» **INSTRUCTIONS TO FOLLOW**
From the records below, print only the part that opens with the line containing "TOTEME Textured Stripe" and closes with the line containing "현재 내가 졸업작품에서"; omit the pictures.

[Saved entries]

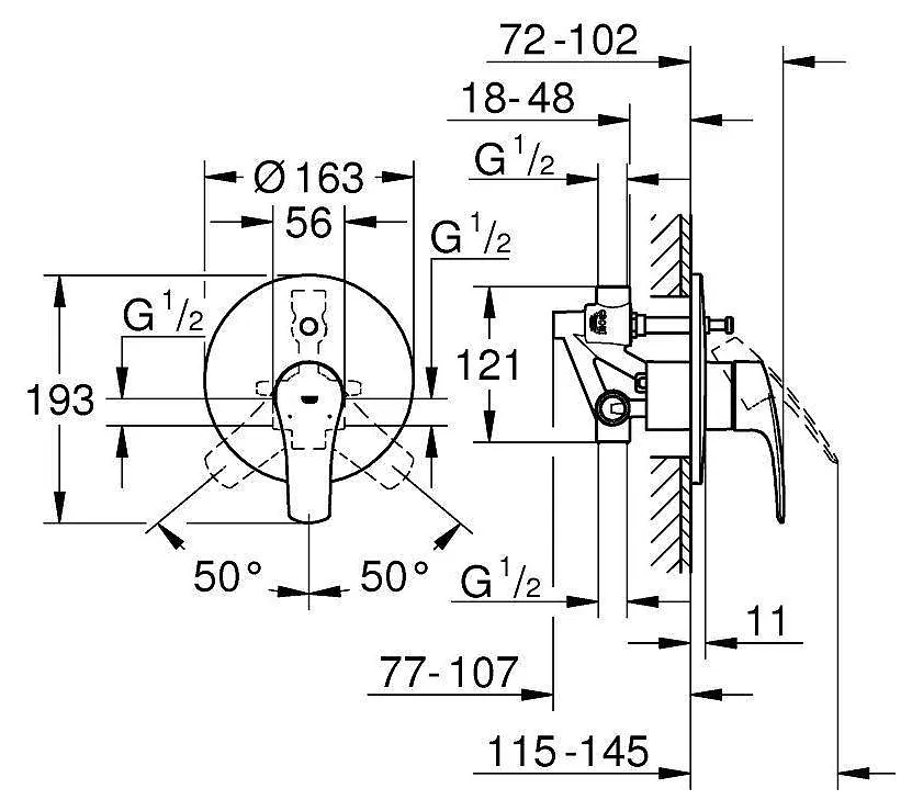 33305003 Eurosmart Смеситель для ванны встраиваемый (замена 33305002)
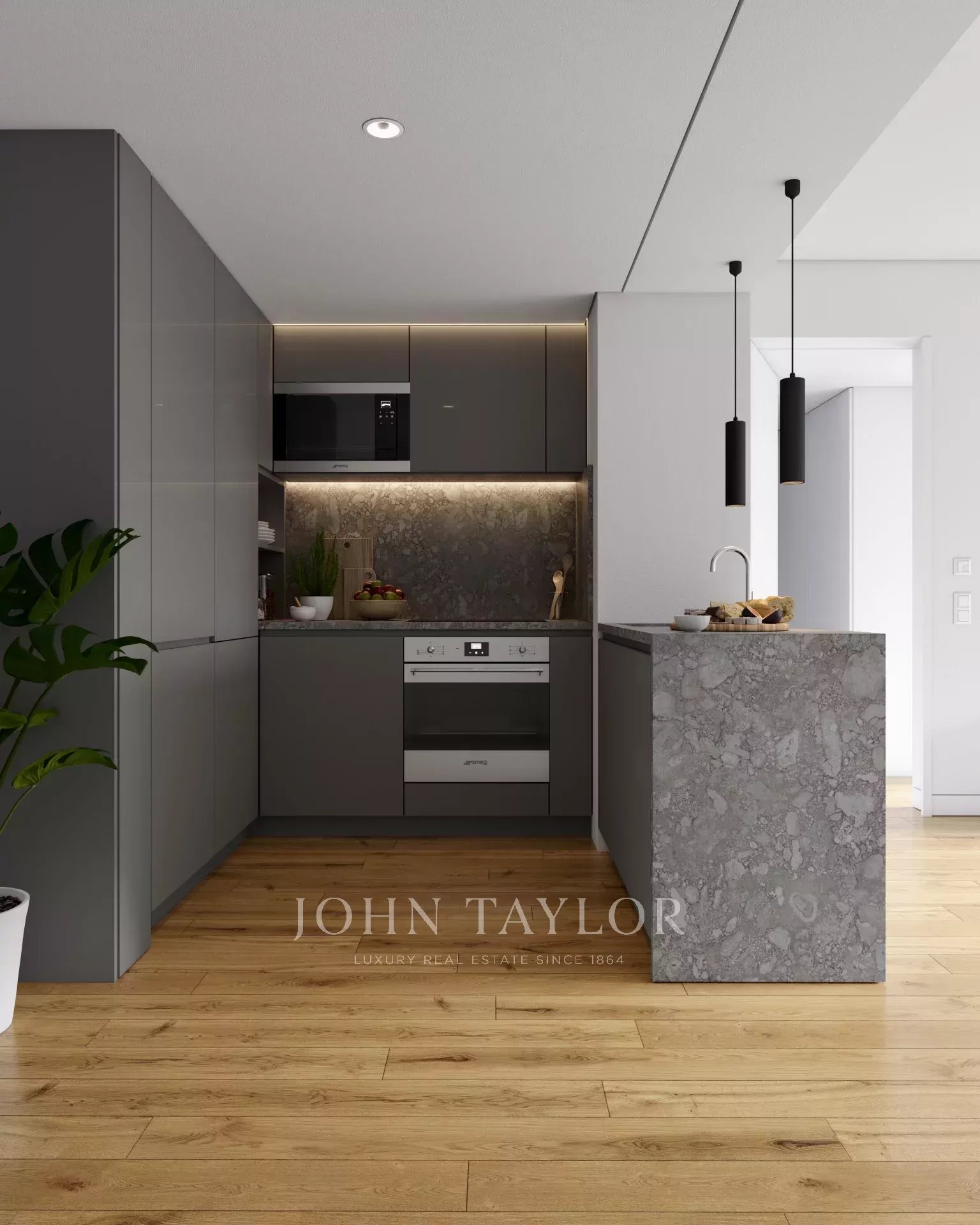 Piso nuevo de 2+1 dormitorios con 116 m2 de área bruta privada, con 2 suites y una oficina, aparcamiento, aire acondicionado, cocina totalmente equipada, suelos de madera y ventanas de doble acristalamiento, con acabados de alta calidad, revestimientos y materiales.
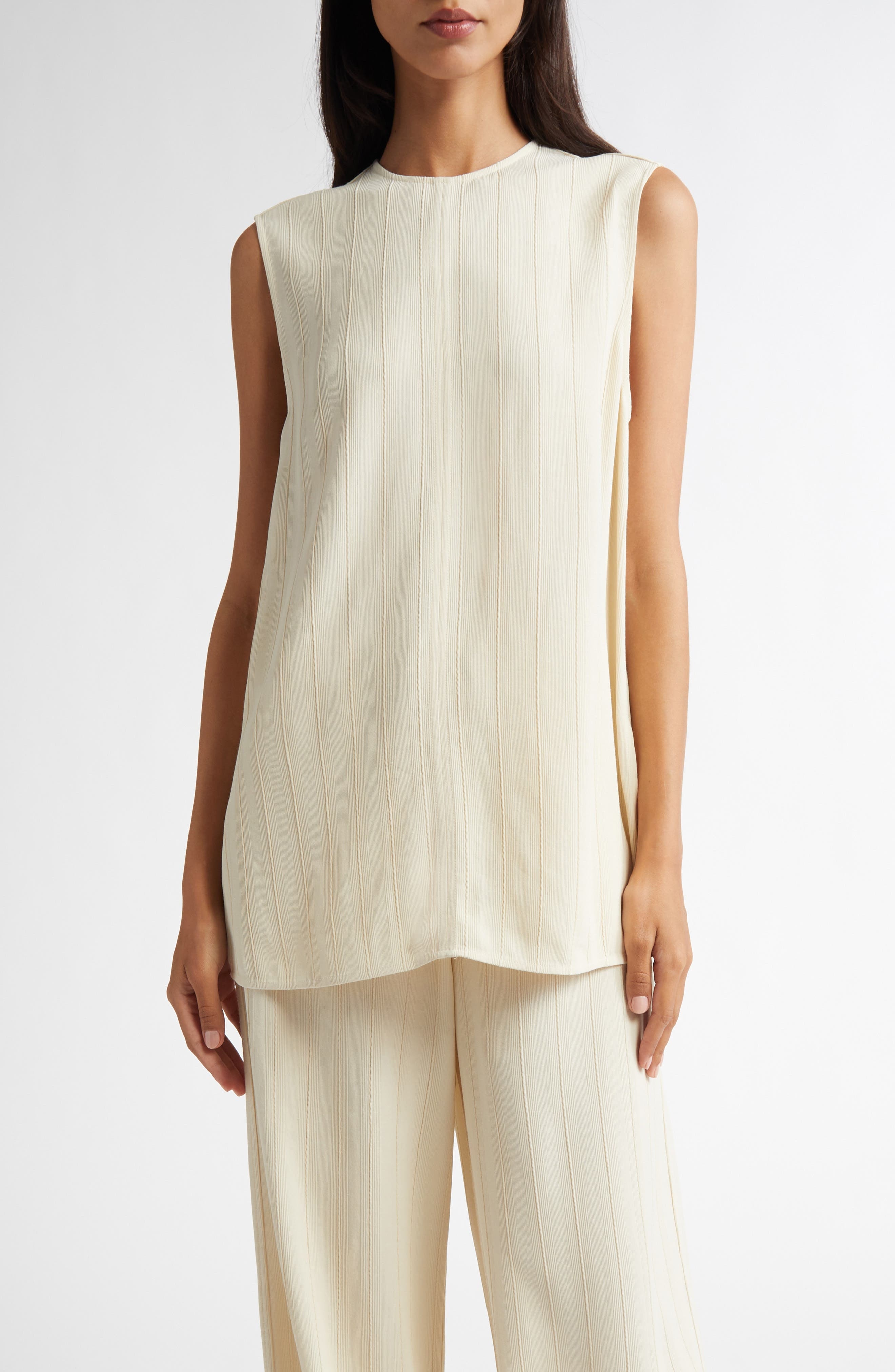 TOTEME Textured Stripe Sleeveless Top in Ecru at Nordstrom
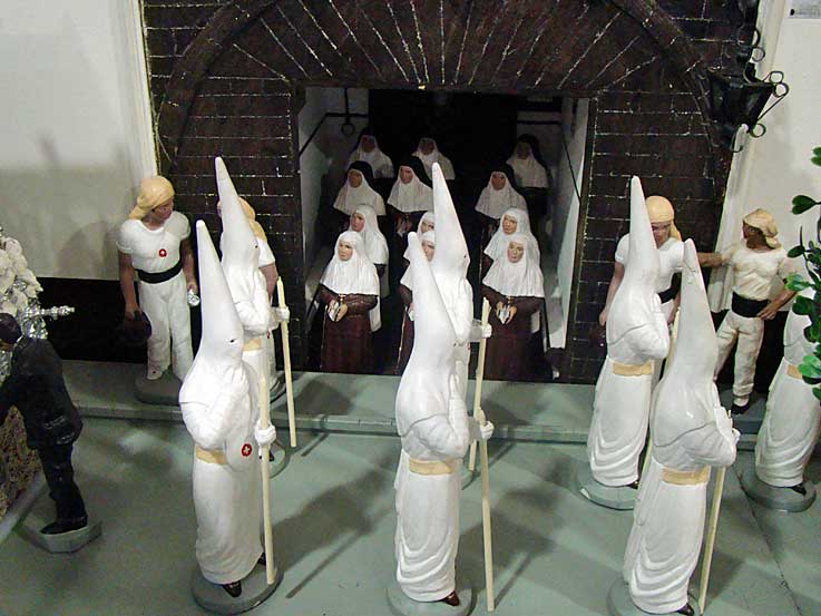 En esta muestra se recrean cofradias completas con todos sus pasos, nazarenos, costaleros, acolitos, y ademas monumentos, iglesias, arboles, mobiliario urbano etc , hasta el mas mínimo detalle que hará las delicias de los pequeños ( y de los no tan pequeños ) .-
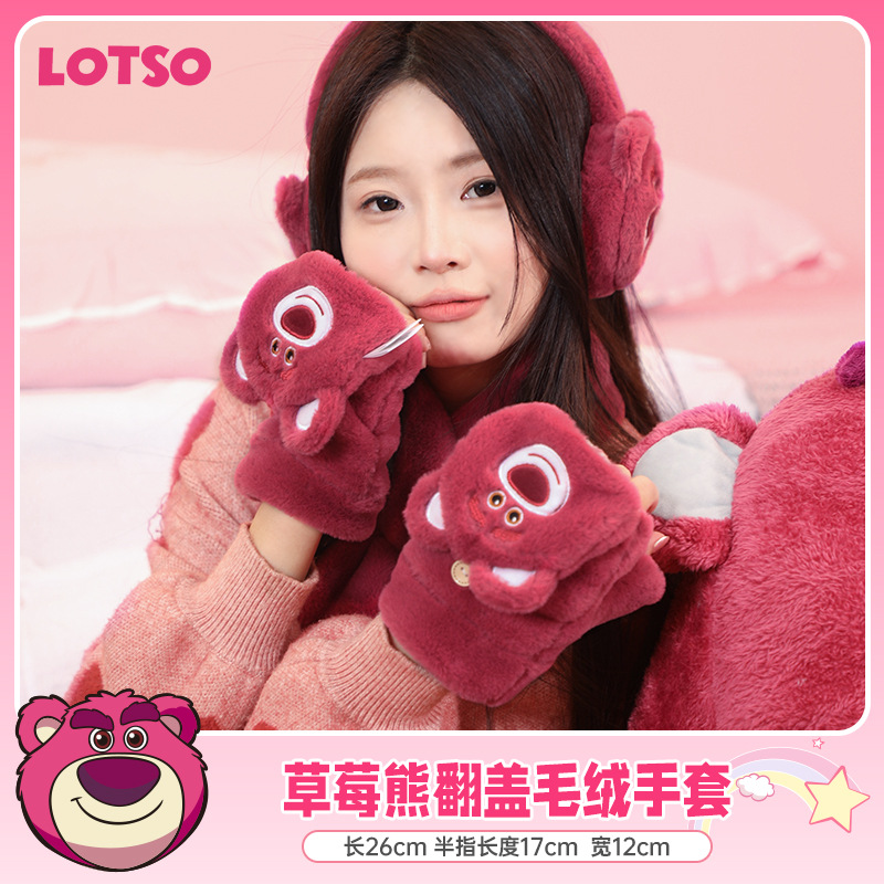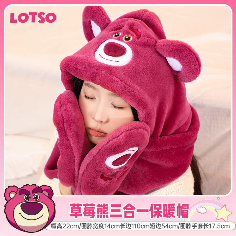 디즈니 스티치 봉제 귀 보호 모자 마스크 귀 마스크 여성 가을과 겨울 딸기 곰 스키 스카프 따뜻한 장갑
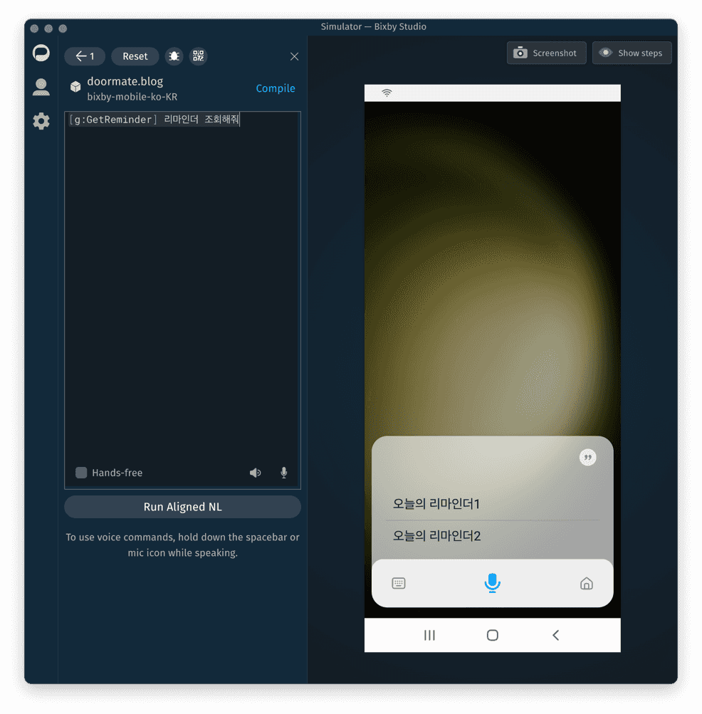 현재 내가 졸업작품에서 만들어야 할 것은 음성 명령으로 리마인더 조회와 등록을 하는 빅스비 캡슐이다.
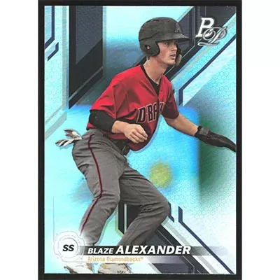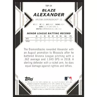 This is a 2019 Bowman Platinum Top Prospects Sky Blue Blaze Alexander baseball card. The card is #TOP-54 and pictures show condition. Team(s): Arizona Diamondbacks
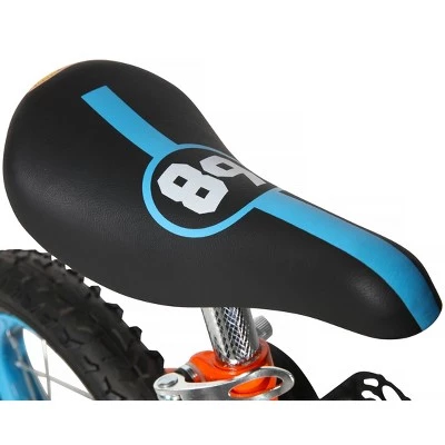 Lead the pack with this racing-inspired Hot Wheels 12” Bike. With the bold orange and blue paint finish, custom Hot Wheels graphics on the handlebar shield and frame, and a revvin’ rev grip featuring realistic racing sounds, he’ll feel like he’s circling the track! Coaster brakes make stopping easy and smooth and the removable training wheels add an extra level of comfort until he’s ready for a more independent ride. Bring the excitement of the racetrack home with this Hot wheels 12” Bike.
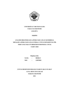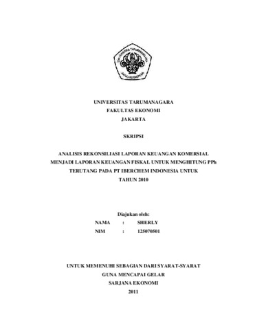 Sherly, Sherly (2011) ANALISIS REKONSILIASI LAPORAN KEUANGAN KOMERSIAL MENJADI LAPORAN KEUANGAN FISKAL UNTUK MENGHITUNG PPh TERUTANG PADA PT IBERCHEM INDONESIA UNTUK TAHUN 2010. Skripsi thesis, Universitas Tarumanagara.
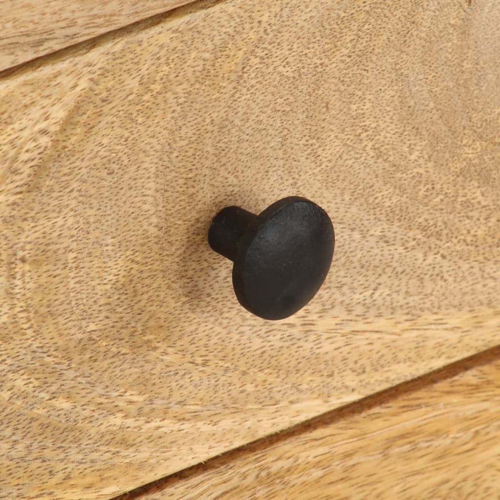 Het televisiemeubel is gemaakt van massief mangohout, dat stabiel, duurzaam en mooi is. Het vakmanschap en de mooi houtnerven maken elk meubelstuk uniek. De 4 lades en 2 open vakken bieden voldoende ruimte om dvd-spelers, gameconsoles, streaming-apparaten en mediadragers netjes georganiseerd te houden.

» **WRITTEN ANSWER**
 TOTEME Textured Stripe Sleeveless Top in Ecru at Nordstrom
 En esta muestra se recrean cofradias completas con todos sus pasos, nazarenos, costaleros, acolitos, y ademas monumentos, iglesias, arboles, mobiliario urbano etc , hasta el mas mínimo detalle que hará las delicias de los pequeños ( y de los no tan pequeños ) .-
 디즈니 스티치 봉제 귀 보호 모자 마스크 귀 마스크 여성 가을과 겨울 딸기 곰 스키 스카프 따뜻한 장갑
 현재 내가 졸업작품에서 만들어야 할 것은 음성 명령으로 리마인더 조회와 등록을 하는 빅스비 캡슐이다.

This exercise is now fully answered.